**DATASET EXCERPT**.
[Start of Attachment]
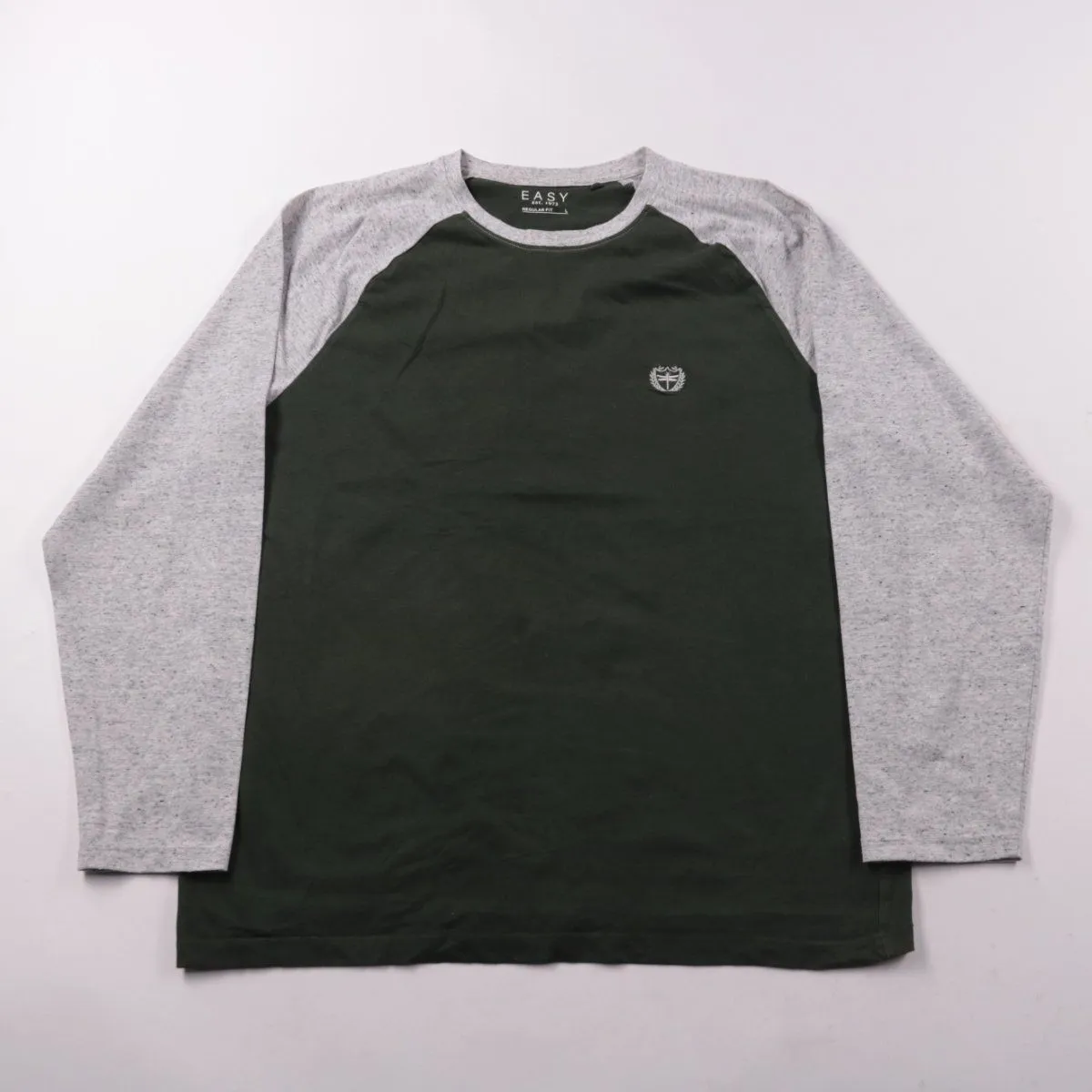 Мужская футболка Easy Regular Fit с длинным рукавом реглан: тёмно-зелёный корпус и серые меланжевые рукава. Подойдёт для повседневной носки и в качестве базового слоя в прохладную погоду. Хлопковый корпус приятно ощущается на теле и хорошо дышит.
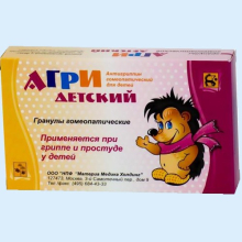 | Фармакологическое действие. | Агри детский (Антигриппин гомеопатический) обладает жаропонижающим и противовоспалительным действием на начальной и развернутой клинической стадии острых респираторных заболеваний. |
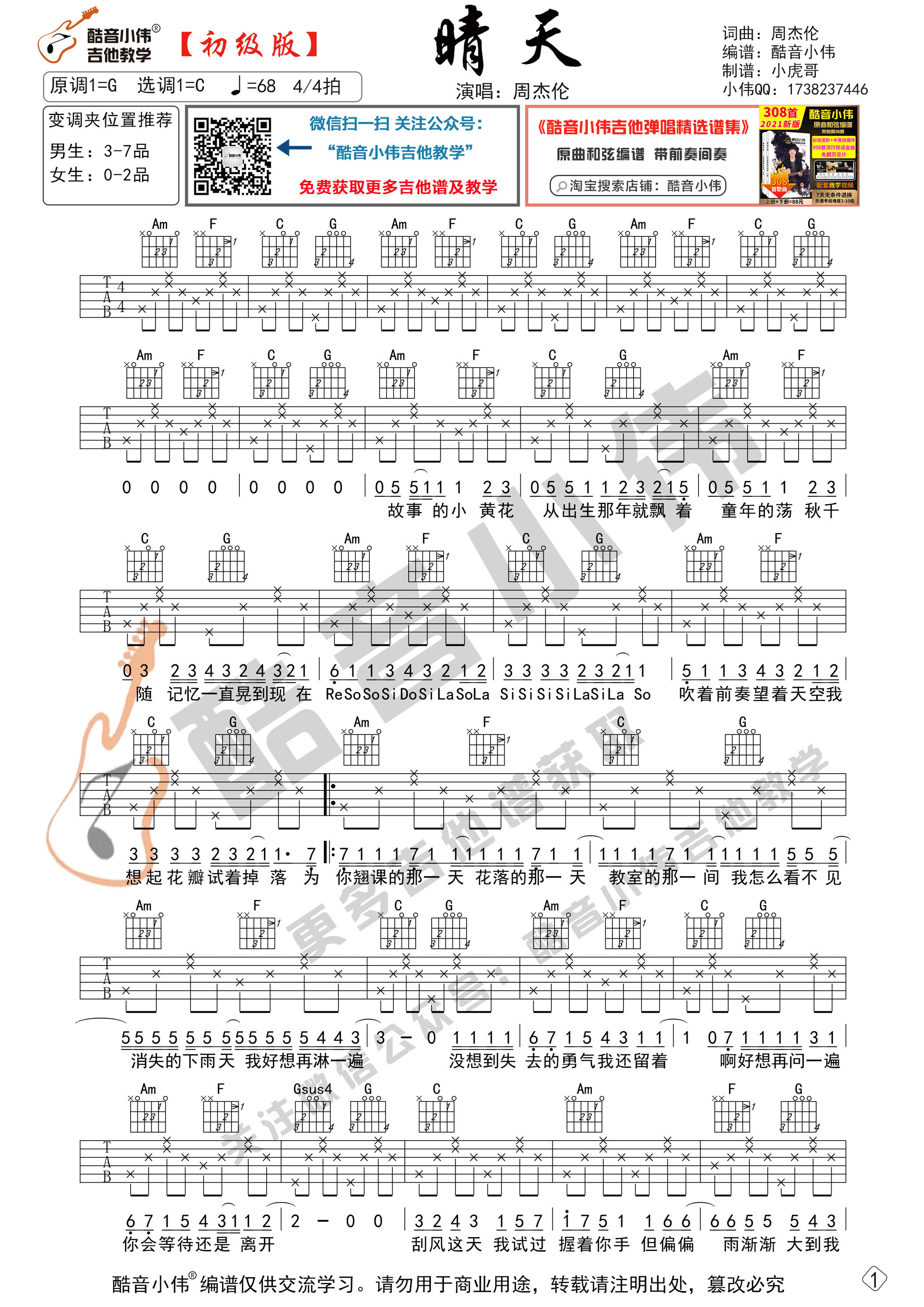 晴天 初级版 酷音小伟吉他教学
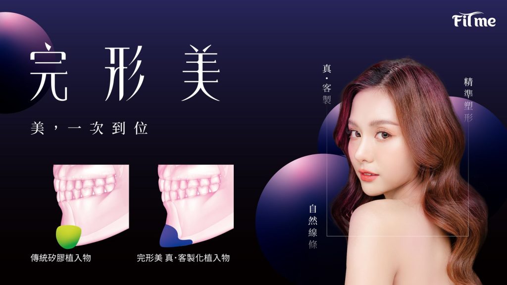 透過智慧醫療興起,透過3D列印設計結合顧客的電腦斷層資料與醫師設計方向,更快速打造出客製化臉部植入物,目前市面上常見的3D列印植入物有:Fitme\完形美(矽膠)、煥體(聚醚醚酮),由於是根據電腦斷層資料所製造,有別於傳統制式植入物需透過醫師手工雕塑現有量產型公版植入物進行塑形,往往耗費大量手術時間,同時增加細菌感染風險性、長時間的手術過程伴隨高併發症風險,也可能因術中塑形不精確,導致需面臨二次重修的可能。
[End of Attachment]
Everything in the data above gets copied exactly. Only the pictures are skipped.

 Мужская футболка Easy Regular Fit с длинным рукавом реглан: тёмно-зелёный корпус и серые меланжевые рукава. Подойдёт для повседневной носки и в качестве базового слоя в прохладную погоду. Хлопковый корпус приятно ощущается на теле и хорошо дышит.
 | Фармакологическое действие. | Агри детский (Антигриппин гомеопатический) обладает жаропонижающим и противовоспалительным действием на начальной и развернутой клинической стадии острых респираторных заболеваний. |
 晴天 初级版 酷音小伟吉他教学
 透過智慧醫療興起,透過3D列印設計結合顧客的電腦斷層資料與醫師設計方向,更快速打造出客製化臉部植入物,目前市面上常見的3D列印植入物有:Fitme\完形美(矽膠)、煥體(聚醚醚酮),由於是根據電腦斷層資料所製造,有別於傳統制式植入物需透過醫師手工雕塑現有量產型公版植入物進行塑形,往往耗費大量手術時間,同時增加細菌感染風險性、長時間的手術過程伴隨高併發症風險,也可能因術中塑形不精確,導致需面臨二次重修的可能。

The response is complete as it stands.